Can Explanations Lead to More Questions?

One of the benefits of being a Christian online are all the wonderful atheists who are drawn to us, like a Jehovah’s Witness to a doorbell convention. The latest atheist apologist to try their luck to deconvert me is Lucas. Although he claims to want to talk about epistemology, he prefers push the conversation to arguments made by all-round nice guy, Richard Dawkins: Lucas claims that God can never be an explanation, because that only leads to more questions.

Originally Lucas claimed belief in God leads to an infinite regress because “If everything needs a creator, what created your creator?”. Far from the faith-destroying zinger it’s meant to be, claiming everything needs a cause is demonstrably the opposite of the cosmological argument. The cosmological argument does not assume that everything needs a cause, but shows the exact opposite: that there must be at least one thing which does not (which most of us identify as God). Lucas now realizes this, “It’s not my argument, I agree not everything has to have a cause.”

Instead he now appears to say:

Explanations which lead to more questions are not good explanations.

Its this watered down Dawkinsidity I’d like to talk about here. This modified claim is just plain false.

Genuine questions are good

Imagine that you are with Captain Cook on his voyage to the South Pacific. Having sailed to exotic Pacific islands to observe the transit of Venus, you sail South West. Then, over the horizon, you spot Australia. No doubt you would have many questions about the new continent, like: ‘How big is it?’, ‘What sort of animals are there?’, ‘Is it suitable for founding new settlements?’, ‘How did a spider grow that big?’. I can guarantee that nobody aboard, doubted the they had just discovered a new landmass just because that would lead to more questions.

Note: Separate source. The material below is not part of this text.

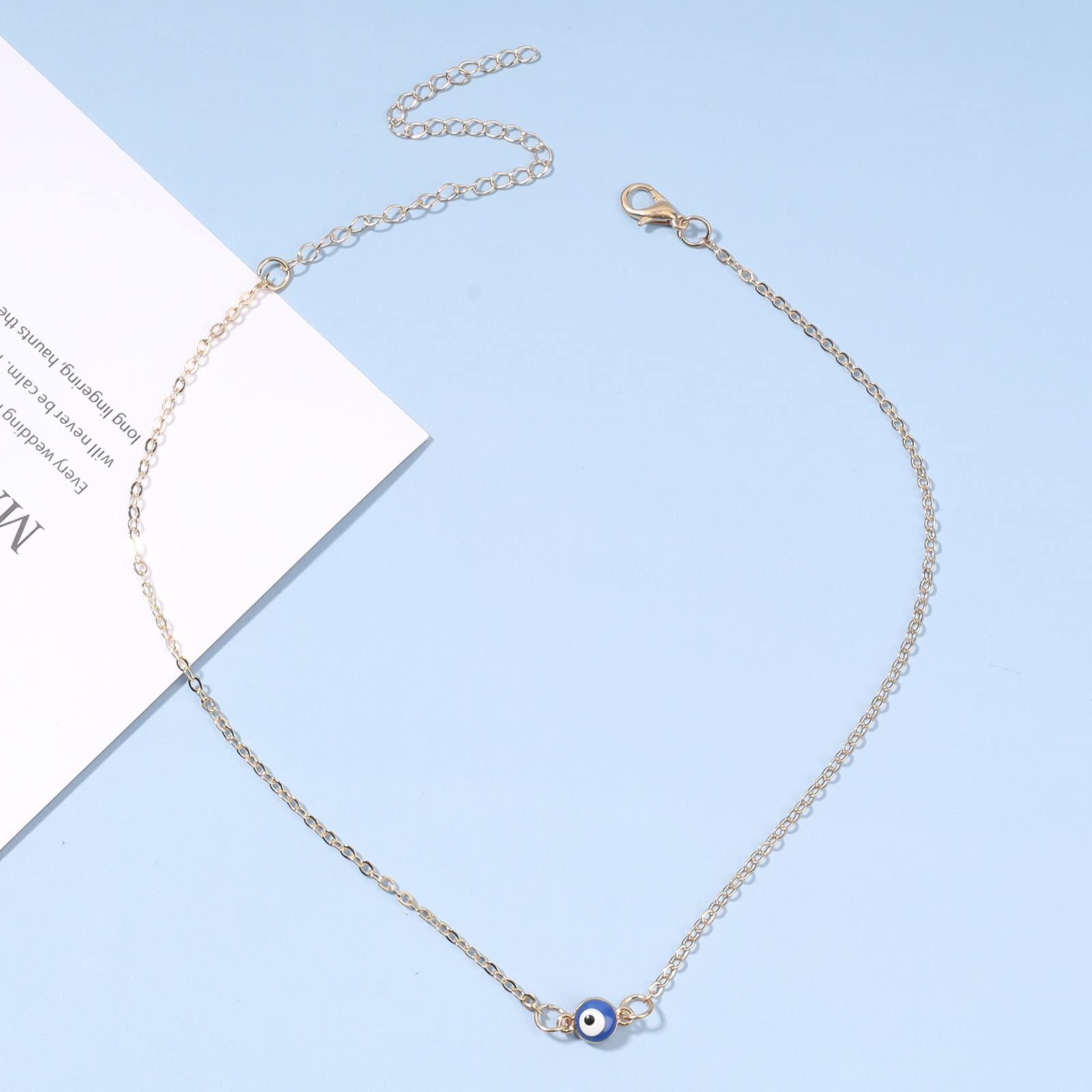 Yheakne Boho Evil Eye Choker Necklace Blue Eye Pendant Necklace Minimal Gold Chain Necklace Lucky Eye Necklace Amulet Chain Jewelry for Women and Girls

Any discovery, in any field, leads to more questions. That’s not just true in geography, but in any field such as the sciences, history, or medicine. In none of them do people suggest that just because an explanation leads to more questions that it is a bad explanation. In the same way, there’s no reason to reject God just because belief in him leads to more questions.

In fact, this isn’t just a bad argument (in the sense it is illogical). It’s a bad argument because it tries to get us to do exactly the wrong thing. When we discover a new fact in history, or geography, or any field we should be led to ask questions. Curiosity and genuine open questions are wonderful, wonderful things.

This morning LIGO directly detected gravitational waves for the very first time. Two black holes coalesced together producing a chirp signal, exactly as predicted. If your head isn’t running with questions: ‘What are gravitational waves?’, ‘Is it too good to be true - why didn’t we see any two and three sigma events?’, ‘Where were the black holes which produced it?’, ‘How big were they?’, ‘Can we detect other objects?’, ‘How can we get the current noise floor down’, then it should be.

Conclusion

The argument that good explanations can’t lead to more questions is obviously wrong. There’s no reason why explanations shouldn’t lead to more questions. The exact opposite is true. They should!